##### AVAILABLE DATA
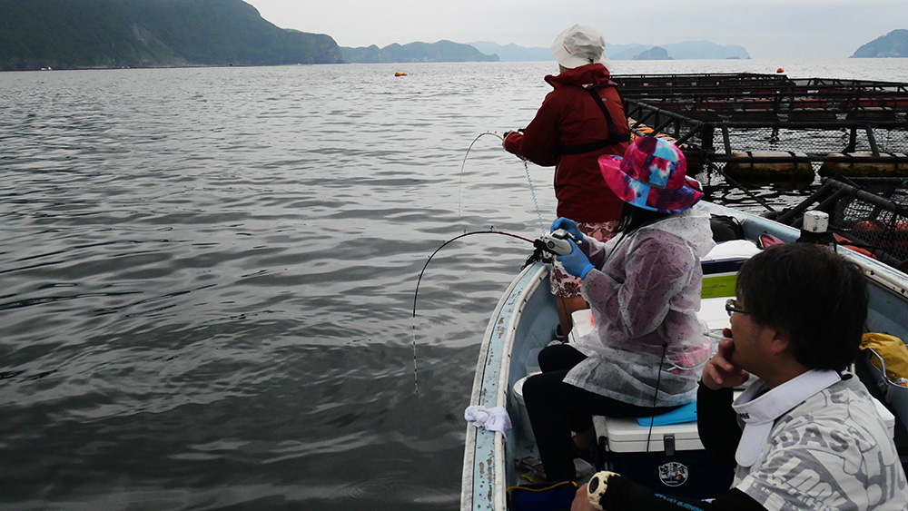 カラスガイのエサでハマチが踊り出るなど、筏釣りの奥深さを目の当たり。
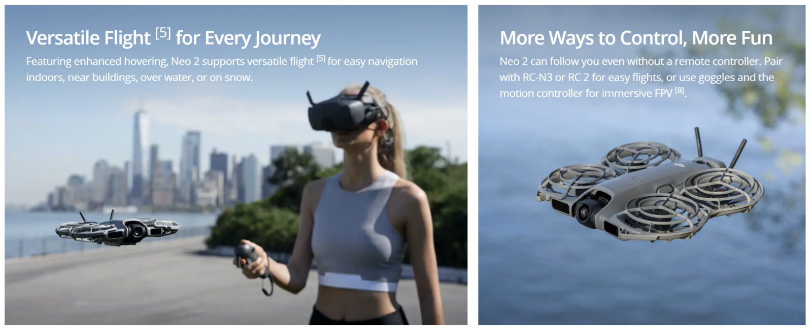 2. Versatile flight refers to DJI Neo 2’s ability to fly both indoors and outdoors, with greatly enhanced performance compared to DJI Neo, especially in conditions like flying over water or snow. Always ensure compliance with local laws and regulations, certification requirements, and airspace authorizations, and make sure you understand and have obtained all necessary permissions before operating the drone. Flight performance may decrease if the drone is flown near solid-colored, transparent, or low-texture surfaces under weak GNSS signal conditions. Always fly with caution in well-lit environments. When flying over water, maintain an altitude of at least 1 m to ensure safety. Refer to the product’s user manual for more details.
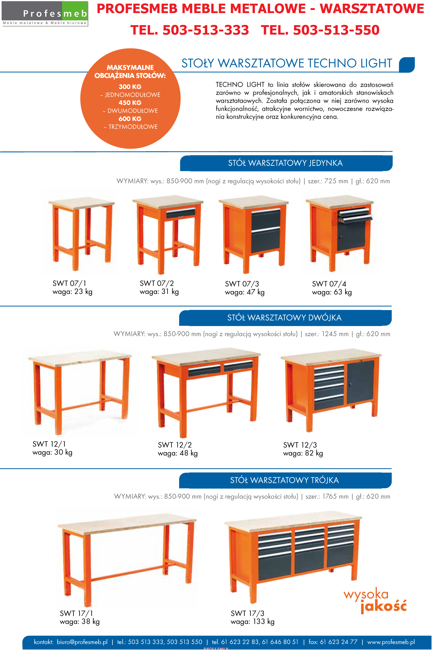 Nasz sklep internetowy Profesmeb.pl oferuje szeroką gamę mebli warsztatowych Techno Light - to najnowsza linia stołów warsztatowych skierowana do zastosowań zarówno w profesjonalnych, jak i amatorskich stanowiskach warsztatowych. Naszą ideą było stworzenie produktu w oparciu o nieocenione opinie i sugestie szerokiej liczby użytkowników, dzięki którym udało się połączyć wysoką funkcjonalność, atrakcyjne wzornictwo, nowoczesne rozwiązania konstrukcyjne oraz konkrecyjną cenę. Zachęcamy Państwa do wyboru naszych profesjonalnych mebli warsztatowych mając nadzieję, że Państwa oczekiwania zostaną spełnione a radość z użytkowania linii Techno Light pozostanie na długie lata.
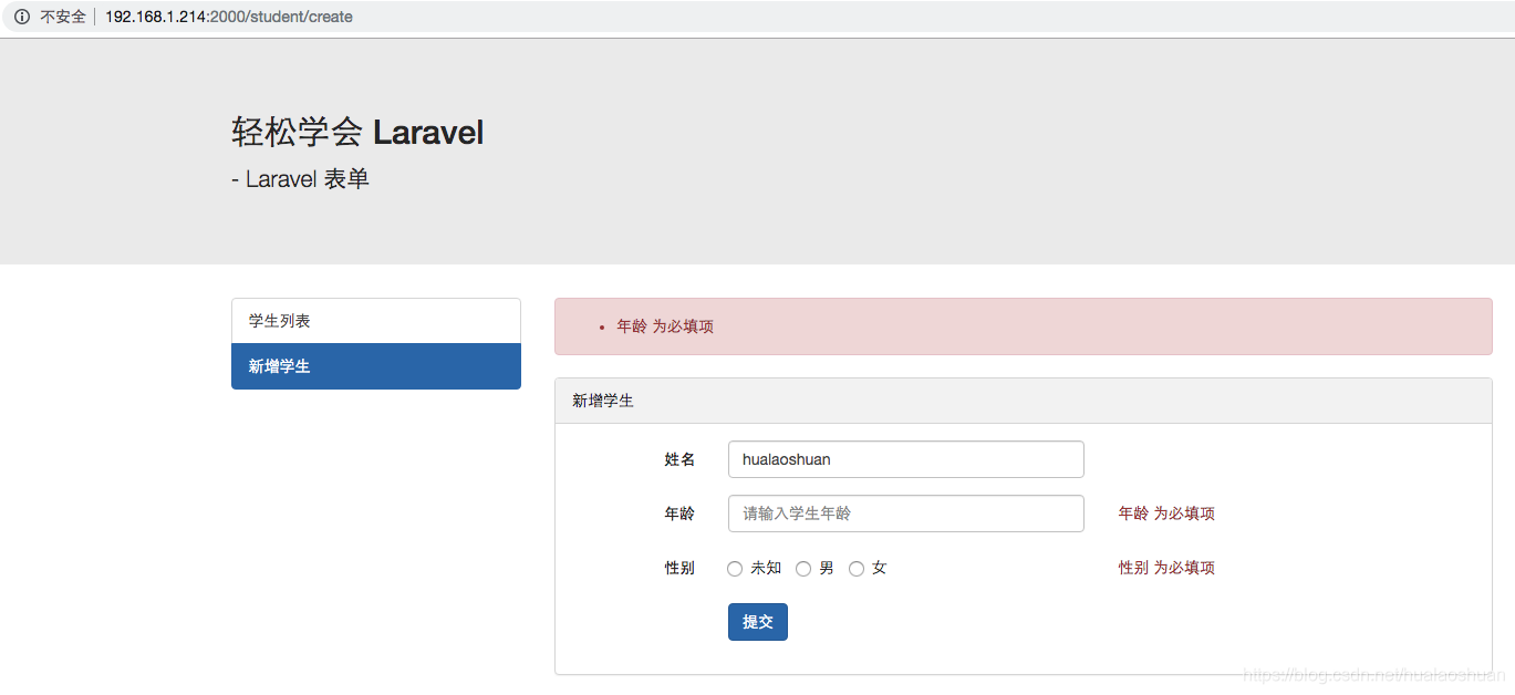 resources/views/student/create.blade.php中引入resources/views/common/validator.blade.php,并对错误信息的显示、数据保持进行处理
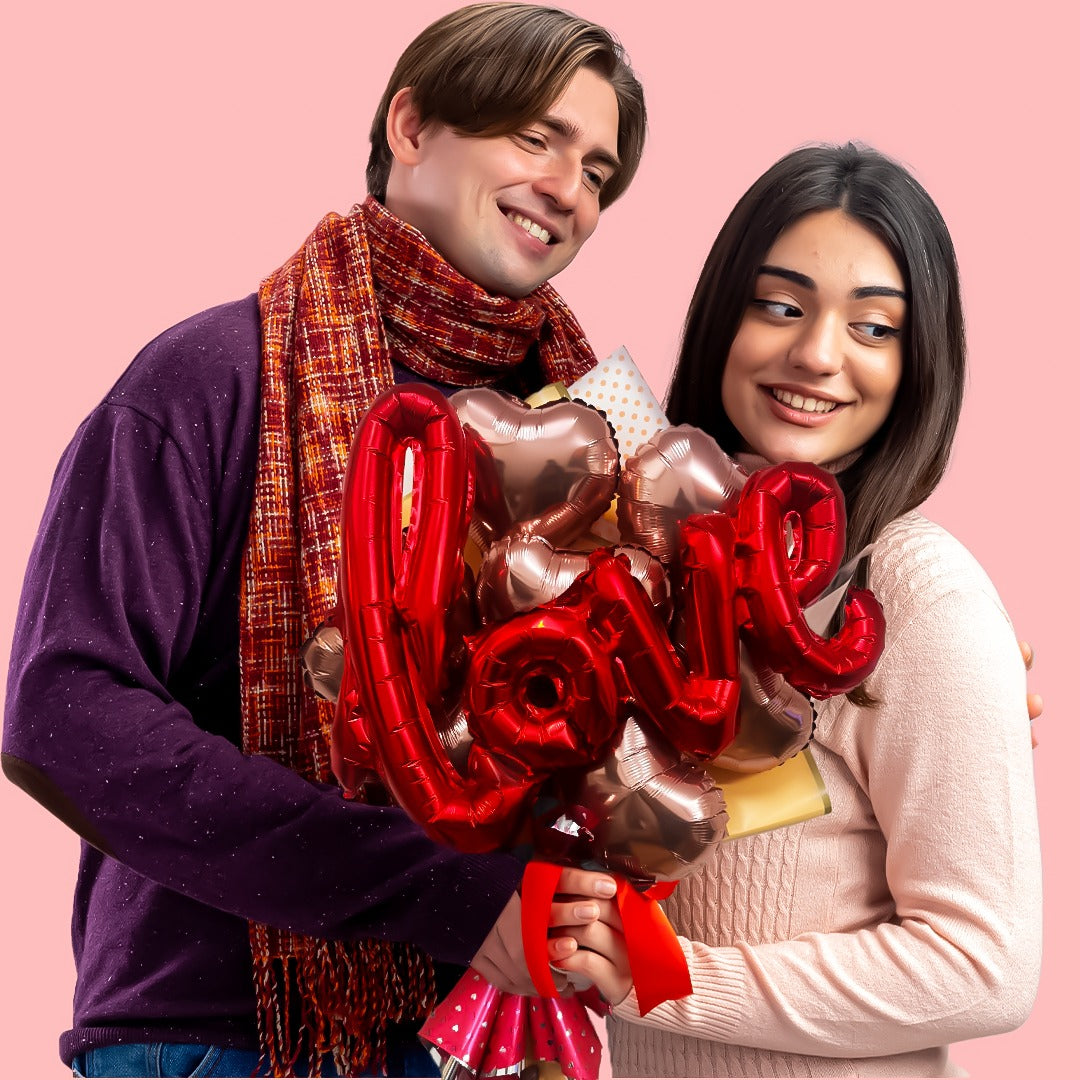 Elevate the romance with our set of 8 Rose Gold Heart Shaped Balloons, each adorned with a vibrant red "Love" design. These balloons are perfect for anniversaries, weddings, or any celebration of love. Made of high-quality materials for long-lasting use. Bring love to new heights!
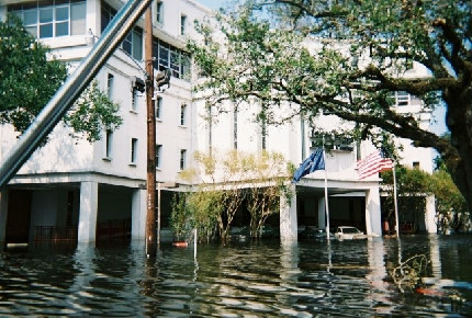 | Methodist Hospital, New Orleans East, flooded from the levee failures, 2005. It has not re-opened. |
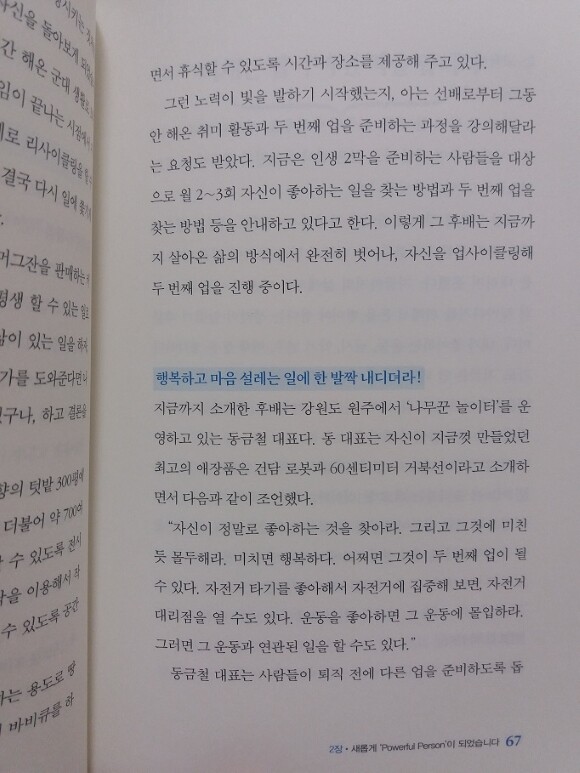 현재 강원도 원주에서 나무꾼 놀이터를 경영하는 그 후배는 자신이 정말 좋아하는 것을 찾아 미친듯 몰두하라고 합니다. 미치면 행복하고 어쩌면 그것이 두 번째 업이 될 수도 있으니까요. p. 67
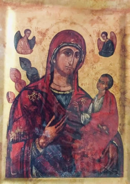 « Αγία Φύλαξη» ευδιάκριτο να πλαισιώνει το φωτοστέφανό Της, στο αγιογραφημένο έργο του 16ου αιώνα.
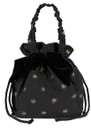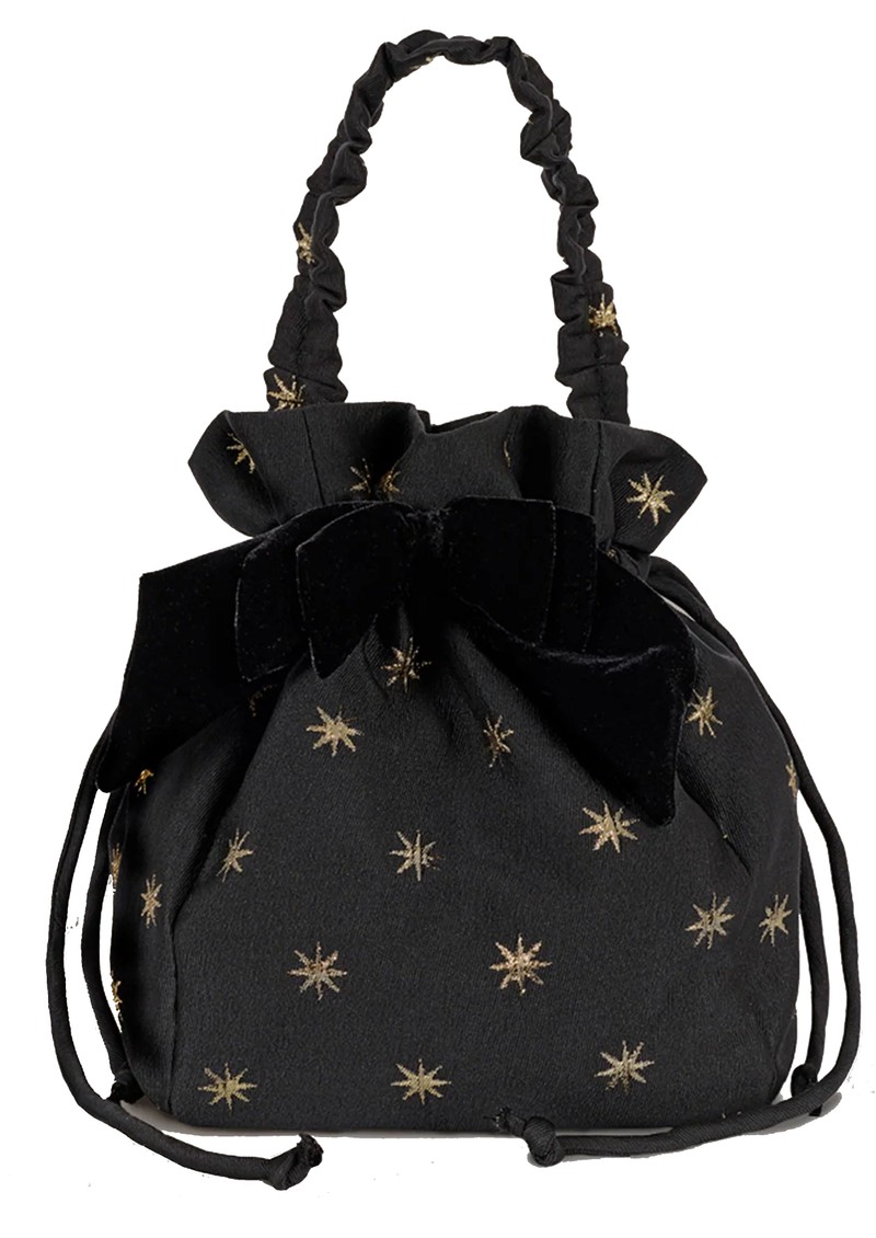 Introducing the Queens of Archive Molly -Starstruck Velvet Pouch Bag is a black star-jacquard bag with a plush velvet bow, a drawstring ruffle closure, and dual handles for wrist or shoulder wear. Surprisingly spacious yet neatly structured, it channels 60s and 70s evening glamour ideal for a sparkling, celestial statement.
##########
● EXERCISE BRIEF:
Skip the pictures and retype exactly the lines from the one that contains "του 16ου αιώνα." to the last line of the records.

● YOUR RESPONSE:
 « Αγία Φύλαξη» ευδιάκριτο να πλαισιώνει το φωτοστέφανό Της, στο αγιογραφημένο έργο του 16ου αιώνα.
 Introducing the Queens of Archive Molly -Starstruck Velvet Pouch Bag is a black star-jacquard bag with a plush velvet bow, a drawstring ruffle closure, and dual handles for wrist or shoulder wear. Surprisingly spacious yet neatly structured, it channels 60s and 70s evening glamour ideal for a sparkling, celestial statement.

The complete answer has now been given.